Referee: Reference-Free Sentence Summarization with Sharper
Controllability through Symbolic Knowledge Distillation
- URL: http://arxiv.org/abs/2210.13800v1
- Date: Tue, 25 Oct 2022 07:07:54 GMT
- Title: Referee: Reference-Free Sentence Summarization with Sharper
Controllability through Symbolic Knowledge Distillation
- Authors: Melanie Sclar, Peter West, Sachin Kumar, Yulia Tsvetkov, Yejin Choi
- Abstract summary: We present Referee, a novel framework for sentence summarization that can be trained reference-free (i.e., requiring no gold summaries for supervision)
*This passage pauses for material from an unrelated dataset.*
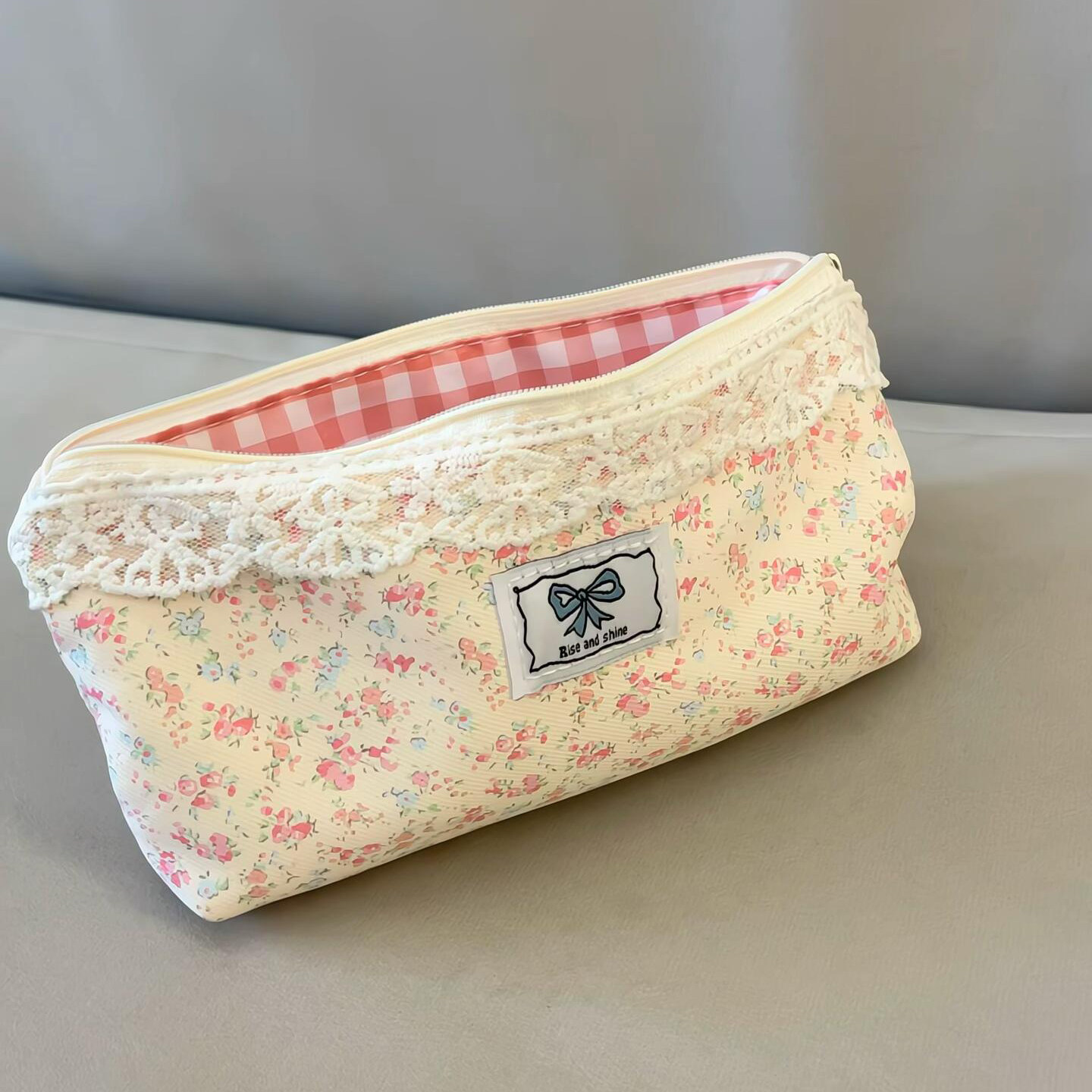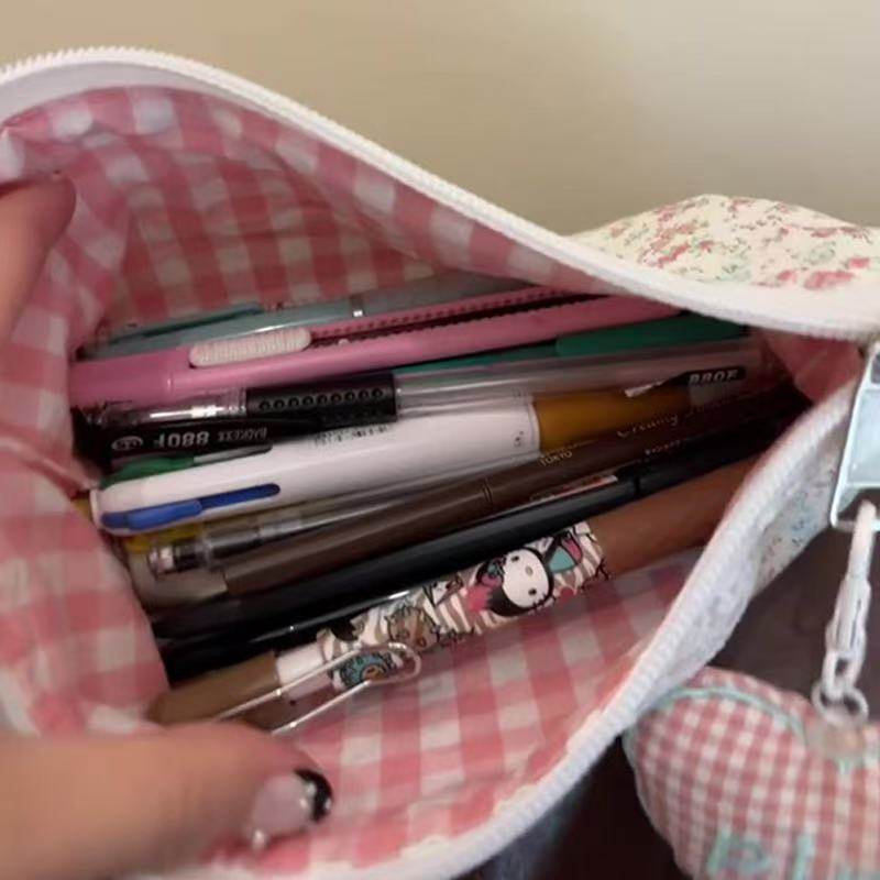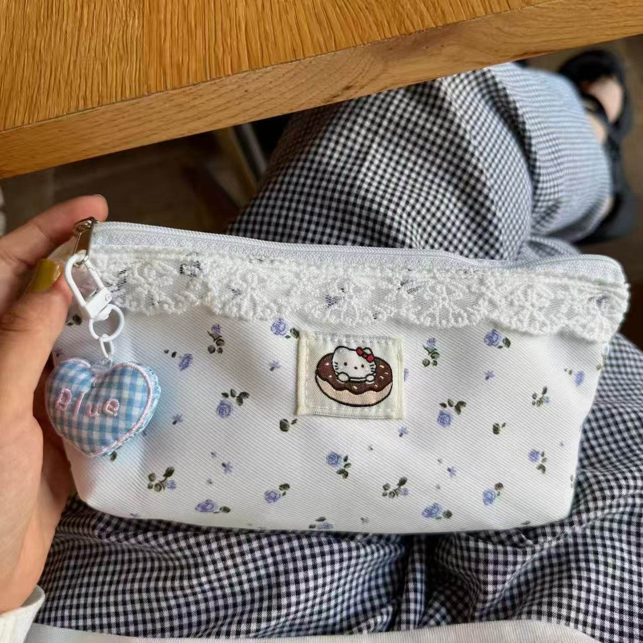 新款小清新蕾丝碎花笔袋高颜值大容量文具盒少女心收纳包初高中生铅笔盒铅笔袋小红书同款文具袋笔盒

Our work is the first to demonstrate that reference-free, controlled sentence summarization is feasible via the conceptual framework of Symbolic Knowledge Distillation.
- Score: 72.70058049274664
- License: http://creativecommons.org/licenses/by/4.0/
- Abstract: We present Referee, a novel framework for sentence summarization that can be
trained reference-free (i.e., requiring no gold summaries for supervision),
while allowing direct control for compression ratio. Our work is the first to
demonstrate that reference-free, controlled sentence summarization is feasible
via the conceptual framework of Symbolic Knowledge Distillation (West et al.,
2022), where latent knowledge in pre-trained language models is distilled via
explicit examples sampled from the teacher models, further purified with three
types of filters: length, fidelity, and Information Bottleneck. Moreover, we
uniquely propose iterative distillation of knowledge, where student models from
the previous iteration of distillation serve as teacher models in the next
iteration. Starting off from a relatively modest set of GPT3-generated
summaries, we demonstrate how iterative knowledge distillation can lead to
considerably smaller, but better summarizers with sharper controllability. A
useful by-product of this iterative distillation process is a high-quality
dataset of sentence-summary pairs with varying degrees of compression ratios.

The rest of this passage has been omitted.